My brother and I are polar opposites and I never know what to get him.  Ever.  He’s got a big heart and is very sentimental and as his big sister I can say that I find his decor sadly lacking, so this year he’s getting - framed up and everything, mind you - a large photograph of a vintage Mobil Oil pegasus sign.  I found it in a coffee shop out in California, but they wouldn’t sell it to me, so this is the next best thing.  Our dad worked at Mobil Oil all of his life and we miss him every day.  Perfect.  Masculine, colorful, and a personal connection to the image.

Spoiler Alert for my husband:  Don’t read this if you want to be surprised when you open one of your presents this year.  I may be biased of course, but my husband has very good taste in art — we collect it together when we travel.  So, when he says he loves one of my images (wise man), I’m honored.  He’s asked me several times (a patient man as well) for one of my Abraham Lincoln images for his office and I’ve been something like the painter who never manages to get his own home painted…so this year, Mr. Lincoln it is.  
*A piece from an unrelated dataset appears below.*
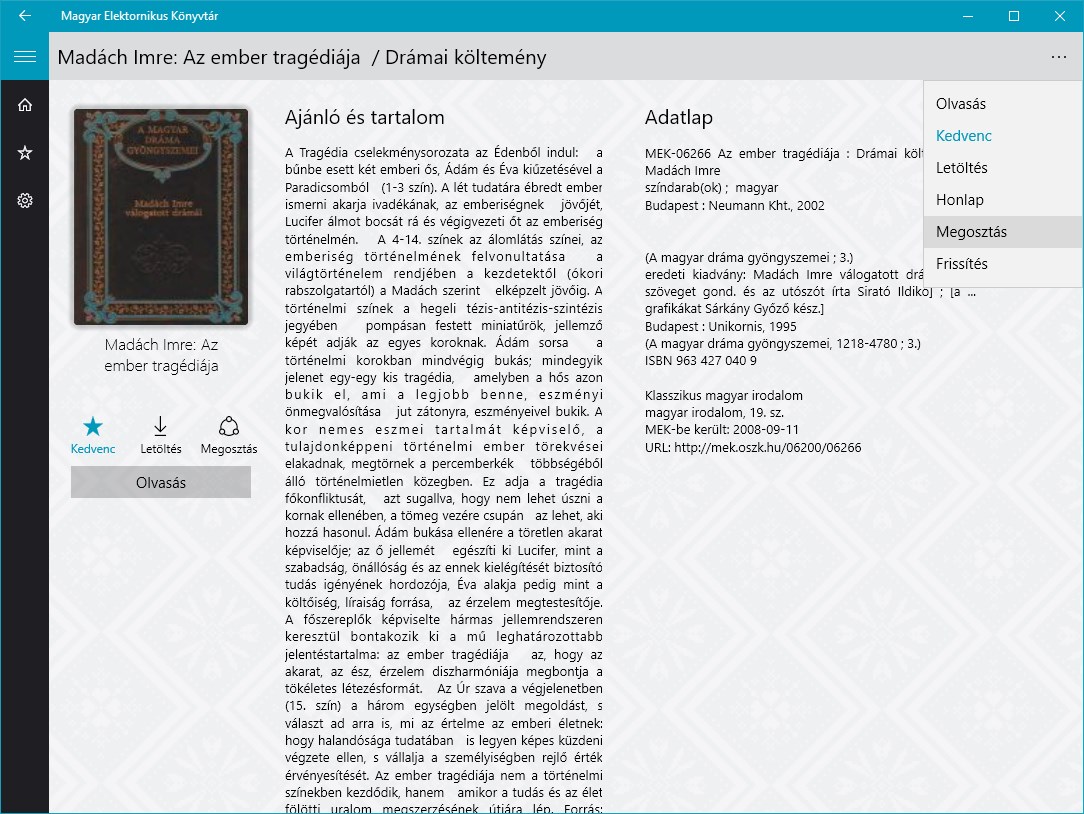 Hungarian Electronic Library (Magyar Elektronikus Könyvtár) app is a free browser and e-reader application for the National Széchényi Library of Hungary.

We really loved the movie with Daniel Day Lewis that came out earlier this year too.  So.  Perfect. 

Here’s my A. Lincoln and the companion American Eagle image — I like them together — maybe he’ll get both.

My friends and pals read my blog…so that’s all I’m saying for now.  Stop by my shop and wander around — think outside the box — be original, be creative.  It’s so much fun!  Easy too, since you can opt for gift wrapping for a nominal charge and make your Holidays that much easier.  Enjoy your December…it only comes once each year.  
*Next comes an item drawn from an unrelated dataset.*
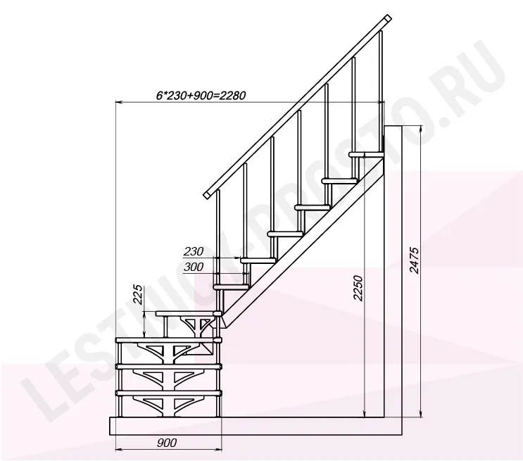 - таким образом вы получаете возможность увеличить общую высоту подъёма лестницы до необходимой.

All my very best wishes to you,
E. England

Tuesday, October 1, 2013

Nature & Inspiration

Fall has just begun and already I’m seeing subtle shifts in the nature activity all around me.  In late August the waters of the Eastern Shore of Maryland were teeming with brilliant blue crabs which we greedily gobbled up one day for lunch along with frosty cold beer.  A little turtle made an appearance along with caterpillars and an emerald green frog.  

Traveling in the midwest in mid-September, I saw more hummingbirds in one small suburban garden than I’ve seen combined over my lifetime -- unfortunately, they were much too fast for me and my camera, so I’ve included a photo of a fantastical castle and garden instead.  They were made by two blond faeries I know and love.  
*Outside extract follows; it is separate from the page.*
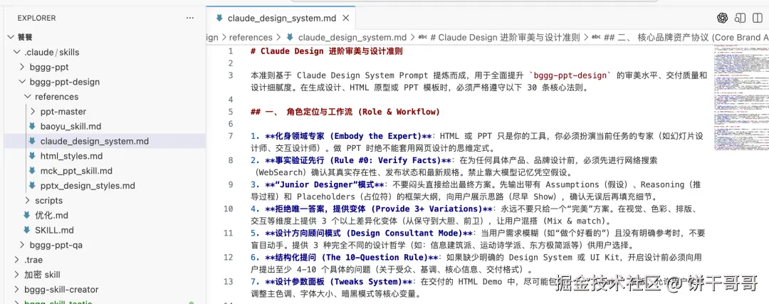 其中我把 Claude design 的提示词逆向沉淀成了一份高审美与设计的准则

Several hours of driving through some of the most beautiful farm land you can imagine took me back to Minnesota where I was born and then into Wisconsin.  While I was there, catching up with some of my favorite people on the planet, I was lucky to see some pampered koi in a cool, shaded pond and happy chickens keeping a low profile to avoid the sharp eyes of ever present eagles.  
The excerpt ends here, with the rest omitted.